Nicaragua, con “tercera vía”, no dejó de ser un país pobrísimo.
Todos
los países del Sur con economías pobres y grandes problemas
estructurales que optan en lo político por esta “tercera vía” no
solucionan de raíz sus carencias. En todo caso, ante el actual estado de
cosas, existe la ilusión que el proclamado “derrame” de la economía de
abundancia del capitalismo habrá de mejorar sus situaciones. En ese
contexto se podría decir que significa la esperanza de “lo menos malo”

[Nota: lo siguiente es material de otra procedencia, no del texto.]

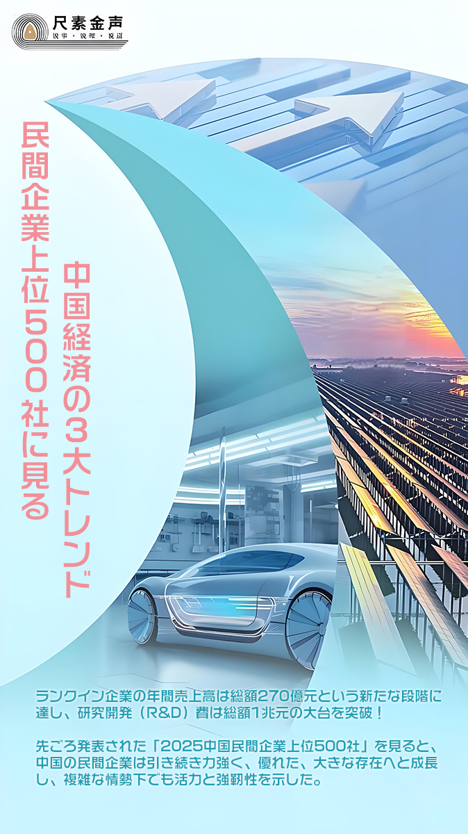 ランクイン企業の年間売上高は総額270億元(1元は約20.7円)という新たな段階に達し、研究開発(R&D)費は総額1兆元の大台を突破!先ごろ発表された「2025中国民間企業上位500社」を見ると、中国の民間企業は引き続き力強く、優れた、大きな存在へと成長し、複雑な情勢下でも活力と強靭性を示した。

para las poblaciones. Pero en definitiva no es una vía nueva: presupone
siempre la explotación del trabajo de otros, con el pretendido grado de
civilización que permita repartir un poco menos inmisericordemente la
riqueza social. Aunque tal como decía la historia con que se abrió la
reflexión, en definitiva no es sino un amague hacia la izquierda
sabiendo que las cosas, en realidad, van a la derecha. Es decir: está
presupuesto un estado de explotación sin el cual no se crea la riqueza.
Que se puedan negociar y consensuar algunas mejoras con el gran capital
para la gran masa de trabajadores no significa que termina la estructura
injusta del mundo. En definitiva: si el camino realmente augurara
mejoras para la gran mayoría de trabajadores: bienvenido. Pero la
experiencia no lo demuestra. ¿Podría toda el África abrazar esta
tendencia y salir así de su miserable atolladero? ¿Servirán estas
recetas para terminar con su pobreza crónica?